Я потрясла головой, пытаясь прийти в себя, и наконец поняла, что «стена» надо мной насмехается. Только что я пережила такую неловкую ситуацию, меня переполняла обида, и я терпеть не могла, когда меня называли девчонкой или как-то еще в этом роде. Пусть я и не знала своей матери, у меня был самый лучший на свете отец, и никто не имел права меня упрекать в этом. Слова незнакомца задели меня за живое. Я покраснела, глаза защипало, и, подняв голову, я выпалила:
— Сама ты девчонка! Вся твоя семья — девчонки! Это ты ходить не умеешь, вся твоя семья не умеет ходить!
Моя тирада произвела впечатление. По крайней мере, «стена» явно не ожидала такой реакции. Он ошеломленно уставился на меня, раскрыв глаза.
И только тогда я смогла как следует разглядеть его лицо. Надо признать, оно было очень красивым.
На нем был белый облегающий халат, длинные изящные пальцы держали бумажный веер. Даже в темноте я видела его глаза — глубокие и загадочные, с оттенком холодного безразличия.
Я застыла, глядя на него. Серебристый лунный свет, красные фонари, за спиной опадают лепестки бумажных цветов, ветер с реки Хуай развевает его черные как смоль волосы, а в воздухе витает легкий аромат бамбука.
Если красота моего отца заключалась в природной мягкости и заботливости, то красота этого человека была врожденным благородством и отстраненностью, сквозь которые проглядывали печаль и одиночество.
Мне показалось, что мгновение растянулось в вечность.
Наконец, незнакомец пришел в себя. В его глазах вспыхнул гнев.
— Что за невоспитанная девчонка! — произнес он.
С этими словами он резко раскрыл веер и медленно удалился.
При нашей первой встрече он назвал меня невоспитанной девчонкой.
Две слезинки, которые до этого дрожали на ресницах, наконец сорвались и покатились по щекам. Я громко расплакалась.
Незнакомец резко остановился и обернулся. В его глазах мелькнул испуг.
Я, отвернувшись, всхлипывала:
— Я не девчонка! Пусть у меня нет мамы, но у меня есть папа, и он очень меня любит, больше, чем любые другие родители! Я не девчонка! Меня любят и обо мне заботятся!
Отец мягко поглаживал меня по плечу. Му Цинцзюнь, увидев мои слезы, помрачнел и бросился к незнакомцу, сжимая кулаки.
— Ты довел Цзин Инь до слез! Немедленно извинись, а не то тебе не поздоровится! Я — молодой господин из семьи Му, и здесь я главный! Понял?! — прорычал он, еще раз сжав кулаки.

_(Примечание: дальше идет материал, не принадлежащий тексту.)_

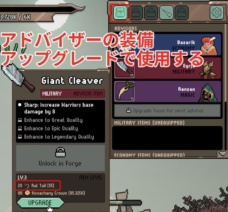 アドバイザーの装備をアップグレードする際に素材を消費します。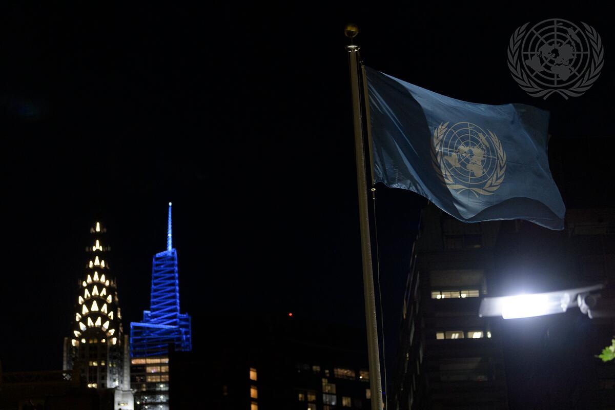 An evening view of the UN flag in front of the Chrysler building as seen from UN Headquarters.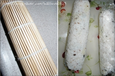 5. 랩과 함께 김발을 이용해서 꾹꾹 눌러가며 모양을 잡아주세요~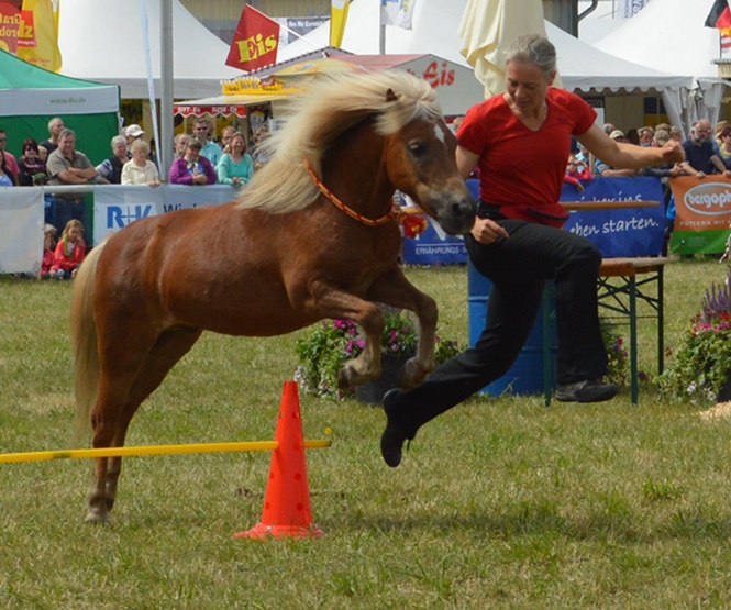 Of course a Shetty can live a good life with bigger ponies, but I wanted a buddy for Amadeus in 2014. My three mares have never been too keen to play. The internet didn’t bring any suitable results, but I heard about a Shetty gelding, who could not be touched and scratched himself severely on tail and mane. And looked very sweet indeed. So Wolfgang (2010) came to us. I was able to train him to accept human touch in no time at all, he responded very well to the clicker, but displayed fear and aggression. In my eyes, his main job was “be a good buddy for Amadeus”, and I limited his training to the husbandry routines. In 2017 I was forced to put my old mare Jule down, and on the very next day Wolfgang developed laminitis, as if he tried to say: “So, now it’s my turn”. Fortunately, he recovered relatively quickly, but was constantly struggling with his metabolism. Since my great veterinarian also offers constellation work for animals, we found out that Wolfgang deeply desired to have “something of his vown”. Triggered by another burst of liminitis, I started to train him on a regular basis. In this short time he transformed himself into a veritable True Horse Agility professional and enriched the training on the horse rockers with his beautiful levade. He never ceases to amaze me with his commitment.

Незнакомец смутился. Он явно не ожидал, что его случайное замечание вызовет такую бурную реакцию. Окружающие с любопытством смотрели на нас. Он покраснел и растерянно застыл на месте.
Отец успокаивающе погладил меня по плечу.
— Ну-ну, глупышка, нехорошо плакать на улице, — ласково сказал он.
Но я ничего не слышала, продолжая рыдать.
Под давлением обстоятельств незнакомец медленно вернулся.
— Прошу прощения, я был неправ, — мягко произнес он. — Мои слова были грубыми и вас расстроили. Пожалуйста, не плачьте. Я искренне извиняюсь.
С этими словами он низко поклонился.
Я перестала плакать и, шмыгая носом, сказала:
— А еще ты назвал меня невоспитанной девчонкой.
Его губы дрогнули, и он, выдавив из себя улыбку, ответил:
— Это была глупость. Вы прекрасны, несравненно красивы, с необыкновенным шармом и изысканными манерами.
Я перестала шмыгать носом и, вытерев слезы и сопли рукавом, как ни в чем не бывало вытерла руки о его белую одежду, а затем махнула рукой.
— Ну, ладно, все в порядке. Можешь идти.
Его лицо побледнело, но он, сохраняя самообладание, с улыбкой поклонился.
— Благодарю за прощение, — сказал он и, раскрыв веер, удалился.
Я посмотрела ему вслед, а затем обернулась и встретилась взглядом с отцом. Он смотрел на меня с загадочной улыбкой, отчего мои щеки вспыхнули.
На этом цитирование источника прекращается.